# [WORK TASK]
With the pictures omitted, output word for word the lines from the one containing "Zwei Gegenfragen: Im" through the end of the records.

# [RECORDS FOR THE EXERCISE]
Start of Block

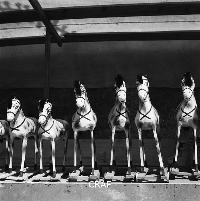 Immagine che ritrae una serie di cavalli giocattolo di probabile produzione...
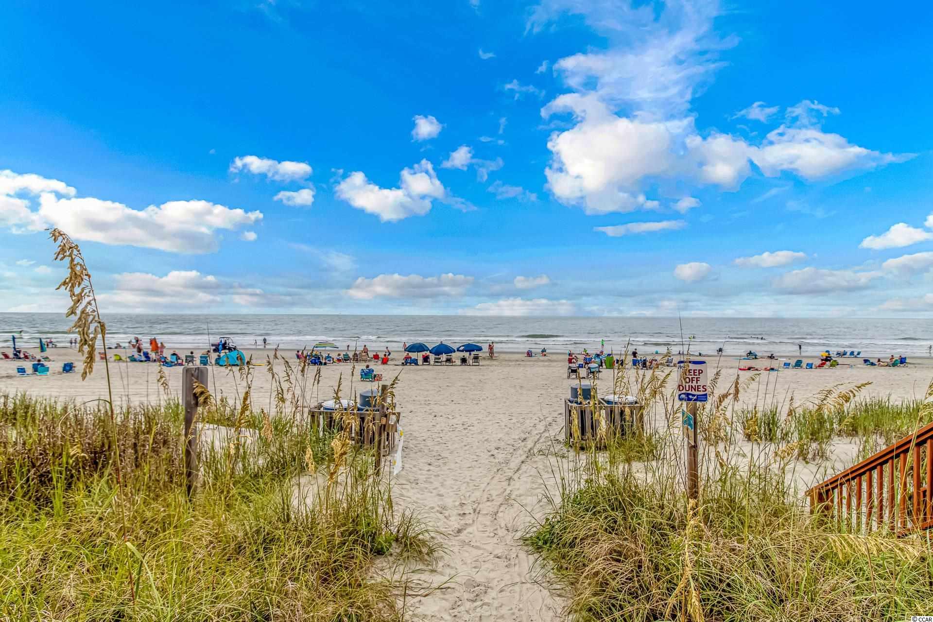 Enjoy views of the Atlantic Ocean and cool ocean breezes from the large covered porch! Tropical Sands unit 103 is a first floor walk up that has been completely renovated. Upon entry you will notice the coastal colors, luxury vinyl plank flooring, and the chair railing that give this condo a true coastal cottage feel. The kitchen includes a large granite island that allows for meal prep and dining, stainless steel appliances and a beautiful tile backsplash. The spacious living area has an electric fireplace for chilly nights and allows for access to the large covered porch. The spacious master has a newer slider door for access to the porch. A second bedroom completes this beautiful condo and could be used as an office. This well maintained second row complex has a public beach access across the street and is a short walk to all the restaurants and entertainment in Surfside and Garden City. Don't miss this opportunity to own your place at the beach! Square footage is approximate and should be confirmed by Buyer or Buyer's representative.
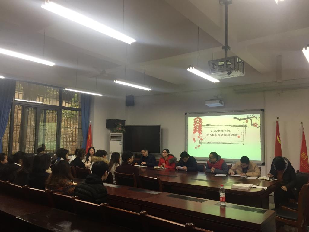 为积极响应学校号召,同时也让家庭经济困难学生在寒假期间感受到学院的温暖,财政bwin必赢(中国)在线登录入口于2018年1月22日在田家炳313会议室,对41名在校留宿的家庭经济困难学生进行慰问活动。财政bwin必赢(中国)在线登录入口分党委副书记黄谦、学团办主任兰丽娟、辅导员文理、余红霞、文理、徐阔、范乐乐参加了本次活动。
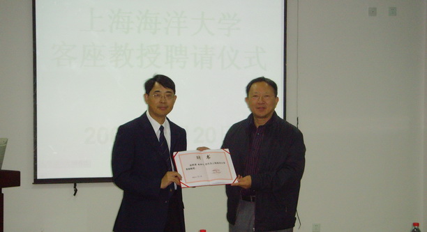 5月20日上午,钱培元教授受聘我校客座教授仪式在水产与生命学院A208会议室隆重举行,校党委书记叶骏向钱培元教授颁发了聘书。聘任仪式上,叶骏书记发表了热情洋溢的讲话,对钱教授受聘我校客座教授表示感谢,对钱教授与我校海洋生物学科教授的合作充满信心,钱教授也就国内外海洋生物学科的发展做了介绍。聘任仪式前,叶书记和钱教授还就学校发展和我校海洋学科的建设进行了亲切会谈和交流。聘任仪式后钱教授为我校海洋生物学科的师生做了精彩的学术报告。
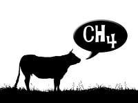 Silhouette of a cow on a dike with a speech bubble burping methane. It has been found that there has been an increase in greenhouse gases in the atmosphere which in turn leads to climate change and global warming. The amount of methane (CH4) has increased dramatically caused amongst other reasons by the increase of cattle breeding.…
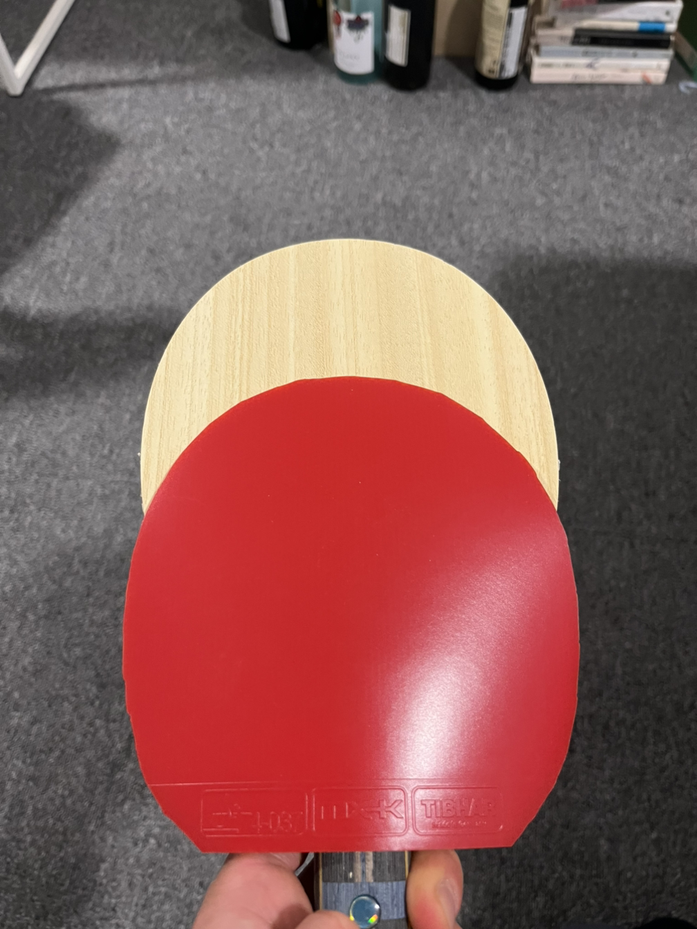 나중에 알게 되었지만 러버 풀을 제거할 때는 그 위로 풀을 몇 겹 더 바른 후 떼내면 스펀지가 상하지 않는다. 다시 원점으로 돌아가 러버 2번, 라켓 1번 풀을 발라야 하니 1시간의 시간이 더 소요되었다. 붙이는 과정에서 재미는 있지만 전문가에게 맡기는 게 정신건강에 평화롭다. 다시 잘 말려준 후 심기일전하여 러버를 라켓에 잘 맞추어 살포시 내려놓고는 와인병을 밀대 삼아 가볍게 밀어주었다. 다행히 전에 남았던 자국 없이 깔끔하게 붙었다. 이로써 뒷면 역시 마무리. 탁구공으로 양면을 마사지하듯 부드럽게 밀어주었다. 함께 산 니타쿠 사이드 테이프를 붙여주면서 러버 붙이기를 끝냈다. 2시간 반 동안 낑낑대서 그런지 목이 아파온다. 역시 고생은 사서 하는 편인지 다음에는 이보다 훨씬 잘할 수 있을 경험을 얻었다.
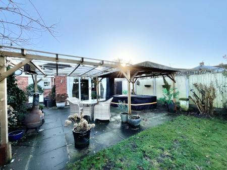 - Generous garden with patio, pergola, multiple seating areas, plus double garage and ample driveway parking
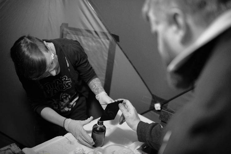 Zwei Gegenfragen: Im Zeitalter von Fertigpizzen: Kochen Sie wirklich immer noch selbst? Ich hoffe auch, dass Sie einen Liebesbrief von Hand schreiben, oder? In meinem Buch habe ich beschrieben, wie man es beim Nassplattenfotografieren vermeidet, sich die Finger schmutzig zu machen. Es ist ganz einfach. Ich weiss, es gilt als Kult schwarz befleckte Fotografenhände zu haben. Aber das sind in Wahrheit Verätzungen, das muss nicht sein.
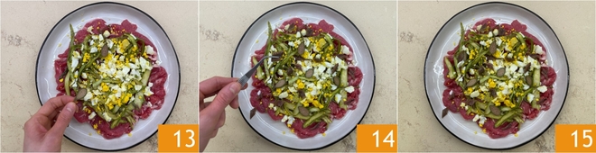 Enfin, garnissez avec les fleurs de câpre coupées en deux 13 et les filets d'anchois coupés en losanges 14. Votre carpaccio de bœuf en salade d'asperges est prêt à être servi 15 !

End of Block

# [EXERCISE RESPONSE]
 Zwei Gegenfragen: Im Zeitalter von Fertigpizzen: Kochen Sie wirklich immer noch selbst? Ich hoffe auch, dass Sie einen Liebesbrief von Hand schreiben, oder? In meinem Buch habe ich beschrieben, wie man es beim Nassplattenfotografieren vermeidet, sich die Finger schmutzig zu machen. Es ist ganz einfach. Ich weiss, es gilt als Kult schwarz befleckte Fotografenhände zu haben. Aber das sind in Wahrheit Verätzungen, das muss nicht sein.
 Enfin, garnissez avec les fleurs de câpre coupées en deux 13 et les filets d'anchois coupés en losanges 14. Votre carpaccio de bœuf en salade d'asperges est prêt à être servi 15 !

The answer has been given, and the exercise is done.